The track 1 is similar to the track 4 with the weight 2 (before normalization): the user 7 and the user 6 listened these 2 tracks together in the 7 minutes long window:

- userId 7: 1534574289 - 1534574189 = 100 seconds = 1 min 40 seconds < 7 minutes
- userId 6: 1534574689 - 1534574489 = 200 seconds = 3 min 20 seconds < 7 minutes
Note that the track 4 is similar to the track 1 with the same weight 2.

**Tip:** consider joining the graph to itself with the UserId and remove pairs with the same tracks.For each track choose top 50 tracks ordered by weight similar to it and normalize weights of its edges (divide the weight of each edge on a sum of weights of all edges).
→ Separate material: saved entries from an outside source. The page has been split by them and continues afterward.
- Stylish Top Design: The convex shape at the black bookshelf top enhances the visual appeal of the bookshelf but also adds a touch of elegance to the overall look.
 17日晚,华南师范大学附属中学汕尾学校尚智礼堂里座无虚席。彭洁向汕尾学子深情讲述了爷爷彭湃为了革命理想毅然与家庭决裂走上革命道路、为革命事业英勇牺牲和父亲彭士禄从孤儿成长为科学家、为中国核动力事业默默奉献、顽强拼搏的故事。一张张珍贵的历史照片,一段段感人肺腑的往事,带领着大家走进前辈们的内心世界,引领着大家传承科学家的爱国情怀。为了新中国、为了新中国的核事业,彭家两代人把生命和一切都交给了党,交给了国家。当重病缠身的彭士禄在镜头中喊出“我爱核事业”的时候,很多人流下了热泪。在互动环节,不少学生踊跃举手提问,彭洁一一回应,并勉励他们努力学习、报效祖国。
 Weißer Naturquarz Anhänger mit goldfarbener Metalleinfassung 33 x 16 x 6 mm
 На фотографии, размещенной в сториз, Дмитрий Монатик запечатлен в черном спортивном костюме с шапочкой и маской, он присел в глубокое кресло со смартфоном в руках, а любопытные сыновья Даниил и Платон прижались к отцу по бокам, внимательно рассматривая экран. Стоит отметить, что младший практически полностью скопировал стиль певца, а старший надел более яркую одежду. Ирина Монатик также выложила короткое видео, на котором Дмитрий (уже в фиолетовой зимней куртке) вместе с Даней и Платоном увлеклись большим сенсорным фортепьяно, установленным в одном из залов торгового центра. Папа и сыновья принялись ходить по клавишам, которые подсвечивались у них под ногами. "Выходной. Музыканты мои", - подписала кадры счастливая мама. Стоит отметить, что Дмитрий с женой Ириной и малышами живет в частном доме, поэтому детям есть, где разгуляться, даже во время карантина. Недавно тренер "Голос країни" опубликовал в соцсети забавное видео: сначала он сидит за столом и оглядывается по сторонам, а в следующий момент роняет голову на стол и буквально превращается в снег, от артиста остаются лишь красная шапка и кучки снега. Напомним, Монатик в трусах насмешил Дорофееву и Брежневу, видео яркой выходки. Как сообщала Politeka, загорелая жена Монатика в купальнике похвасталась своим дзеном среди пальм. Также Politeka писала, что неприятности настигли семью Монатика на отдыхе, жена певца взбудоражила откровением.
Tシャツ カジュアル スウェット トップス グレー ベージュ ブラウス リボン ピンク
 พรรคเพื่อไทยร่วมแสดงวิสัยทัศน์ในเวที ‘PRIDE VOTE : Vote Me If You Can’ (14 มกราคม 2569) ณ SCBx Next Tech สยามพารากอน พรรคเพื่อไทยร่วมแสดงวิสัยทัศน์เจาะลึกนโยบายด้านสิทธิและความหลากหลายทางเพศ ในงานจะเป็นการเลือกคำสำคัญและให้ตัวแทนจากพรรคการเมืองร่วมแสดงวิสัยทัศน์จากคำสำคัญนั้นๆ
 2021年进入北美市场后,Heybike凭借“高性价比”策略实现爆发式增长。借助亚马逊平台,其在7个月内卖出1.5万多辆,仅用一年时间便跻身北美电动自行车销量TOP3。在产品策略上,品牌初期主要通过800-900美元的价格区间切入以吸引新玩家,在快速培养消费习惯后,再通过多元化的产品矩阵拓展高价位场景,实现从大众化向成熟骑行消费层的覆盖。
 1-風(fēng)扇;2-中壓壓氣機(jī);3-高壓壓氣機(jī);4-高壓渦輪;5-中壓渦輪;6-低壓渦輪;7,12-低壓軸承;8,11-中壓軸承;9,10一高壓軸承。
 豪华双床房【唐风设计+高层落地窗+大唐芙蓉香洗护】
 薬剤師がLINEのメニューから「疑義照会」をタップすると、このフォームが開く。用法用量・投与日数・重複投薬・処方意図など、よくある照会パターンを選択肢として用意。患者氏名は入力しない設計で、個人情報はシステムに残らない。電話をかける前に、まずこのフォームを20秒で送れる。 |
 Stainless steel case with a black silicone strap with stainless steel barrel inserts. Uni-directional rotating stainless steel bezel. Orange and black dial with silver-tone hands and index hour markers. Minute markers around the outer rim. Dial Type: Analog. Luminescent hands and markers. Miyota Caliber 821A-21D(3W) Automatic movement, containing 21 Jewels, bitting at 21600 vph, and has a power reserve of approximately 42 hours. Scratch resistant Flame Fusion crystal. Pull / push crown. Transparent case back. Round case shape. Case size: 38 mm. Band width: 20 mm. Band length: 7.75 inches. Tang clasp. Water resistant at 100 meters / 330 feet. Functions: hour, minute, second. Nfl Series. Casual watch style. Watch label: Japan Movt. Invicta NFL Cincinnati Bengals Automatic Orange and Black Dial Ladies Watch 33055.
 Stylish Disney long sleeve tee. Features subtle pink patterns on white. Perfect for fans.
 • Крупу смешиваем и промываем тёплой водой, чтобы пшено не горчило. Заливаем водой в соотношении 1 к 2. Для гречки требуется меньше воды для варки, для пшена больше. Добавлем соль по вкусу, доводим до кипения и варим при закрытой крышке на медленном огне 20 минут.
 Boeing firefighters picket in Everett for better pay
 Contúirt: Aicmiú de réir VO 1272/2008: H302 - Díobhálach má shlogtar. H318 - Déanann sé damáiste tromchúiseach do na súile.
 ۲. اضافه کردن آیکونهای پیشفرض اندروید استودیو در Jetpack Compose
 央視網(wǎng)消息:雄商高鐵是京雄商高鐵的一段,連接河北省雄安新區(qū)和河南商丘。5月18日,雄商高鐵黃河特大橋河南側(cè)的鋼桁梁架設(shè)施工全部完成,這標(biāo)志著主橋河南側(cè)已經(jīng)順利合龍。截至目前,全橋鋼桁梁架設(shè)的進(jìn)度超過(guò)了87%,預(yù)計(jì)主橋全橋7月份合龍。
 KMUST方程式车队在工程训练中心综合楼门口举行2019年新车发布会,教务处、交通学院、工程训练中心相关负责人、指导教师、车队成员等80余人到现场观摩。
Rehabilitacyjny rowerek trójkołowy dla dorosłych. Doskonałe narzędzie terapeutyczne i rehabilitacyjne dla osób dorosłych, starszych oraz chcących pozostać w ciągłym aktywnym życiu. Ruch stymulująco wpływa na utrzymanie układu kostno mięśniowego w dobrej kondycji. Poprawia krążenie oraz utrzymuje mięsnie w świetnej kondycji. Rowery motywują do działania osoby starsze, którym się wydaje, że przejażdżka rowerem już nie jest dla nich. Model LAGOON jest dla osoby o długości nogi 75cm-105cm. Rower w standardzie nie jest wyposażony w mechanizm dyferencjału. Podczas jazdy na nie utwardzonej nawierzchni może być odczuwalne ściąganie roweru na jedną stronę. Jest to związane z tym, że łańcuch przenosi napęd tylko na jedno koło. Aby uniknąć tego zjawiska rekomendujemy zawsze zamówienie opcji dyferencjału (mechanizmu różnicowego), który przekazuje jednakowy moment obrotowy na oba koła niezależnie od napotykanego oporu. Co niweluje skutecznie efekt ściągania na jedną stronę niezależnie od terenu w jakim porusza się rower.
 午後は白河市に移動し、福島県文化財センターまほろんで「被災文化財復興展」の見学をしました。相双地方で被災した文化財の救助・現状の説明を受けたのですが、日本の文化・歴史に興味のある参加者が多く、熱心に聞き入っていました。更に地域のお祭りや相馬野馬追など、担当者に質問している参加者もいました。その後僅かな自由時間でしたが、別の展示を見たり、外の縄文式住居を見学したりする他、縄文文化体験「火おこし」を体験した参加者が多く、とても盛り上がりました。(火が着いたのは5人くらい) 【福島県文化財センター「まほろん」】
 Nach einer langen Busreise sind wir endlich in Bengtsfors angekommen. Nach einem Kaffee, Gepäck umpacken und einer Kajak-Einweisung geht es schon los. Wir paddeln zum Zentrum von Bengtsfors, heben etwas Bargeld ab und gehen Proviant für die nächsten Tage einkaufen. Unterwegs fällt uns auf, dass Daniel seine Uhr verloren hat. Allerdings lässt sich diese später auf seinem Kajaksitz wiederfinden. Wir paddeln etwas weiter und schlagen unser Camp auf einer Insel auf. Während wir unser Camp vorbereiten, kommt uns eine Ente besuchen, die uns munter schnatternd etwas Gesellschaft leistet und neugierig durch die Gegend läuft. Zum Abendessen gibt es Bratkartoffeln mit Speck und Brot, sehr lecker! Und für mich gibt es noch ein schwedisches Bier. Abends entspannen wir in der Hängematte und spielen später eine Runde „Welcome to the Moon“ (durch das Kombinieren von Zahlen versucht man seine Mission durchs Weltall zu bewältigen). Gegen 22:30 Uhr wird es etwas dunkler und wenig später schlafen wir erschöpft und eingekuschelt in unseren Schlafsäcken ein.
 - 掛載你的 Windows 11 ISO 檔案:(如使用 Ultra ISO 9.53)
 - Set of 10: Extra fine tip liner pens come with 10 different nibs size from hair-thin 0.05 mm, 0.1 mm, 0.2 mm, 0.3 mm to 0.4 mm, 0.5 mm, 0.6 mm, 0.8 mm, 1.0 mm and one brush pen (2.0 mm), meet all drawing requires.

Use rank() to choose top 40 tracks as is done in the demo.

Sort the resulting Data Frame in the descending order by the column norm_weight, and then in the ascending order this time first by “id1”, then by “id2”. Take top 40 rows, select only the columns “id1”, “id2”, and print the columns “id1”, “id2” of the resulting dataframe.

**Output example:**

`54719		767867
54719		767866
50787		327676`

In [2]:
#import os
#execfile(os.path.join(os.environ["SPARK_HOME"], 'python/pyspark/shell.py'))

Welcome to
      ____              __
     / __/__  ___ _____/ /__
    _\ \/ _ \/ _ `/ __/  '_/
   /__ / .__/\_,_/_/ /_/\_\   version 2.1.1
      /_/

Using Python version 2.7.12 (default, Nov 19 2016 06:48:10)
SparkSession available as 'spark'.


In [3]:
from pyspark.sql import SparkSession
sparkSession = SparkSession.builder.enableHiveSupport().master("local").getOrCreate()

In [38]:
data = sparkSession.read.parquet("/data/sample264")
meta = sparkSession.read.parquet("/data/meta")

In [134]:
alpha = 0.15
beta_user_artist = 0.5
beta_user_track = 0.5
beta_track_track = 1
beta_artist_track = 1

user = 776748

In [136]:
from pyspark.sql import Window
from pyspark.sql.functions import row_number, sum, col, abs, count, desc, asc, when, expr, lit, rank, round

In [5]:
def norm(df, key1, key2, field, n): 
    
    window = Window.partitionBy(key1).orderBy(col(field).desc())
    
    topsDF = df.withColumn("row_number", row_number().over(window)) \
        .filter(col("row_number") <= n) \
        .drop(col("row_number")) 

    tmpDF = topsDF.groupBy(col(key1)).agg(col(key1), sum(col(field)).alias("sum_" + field))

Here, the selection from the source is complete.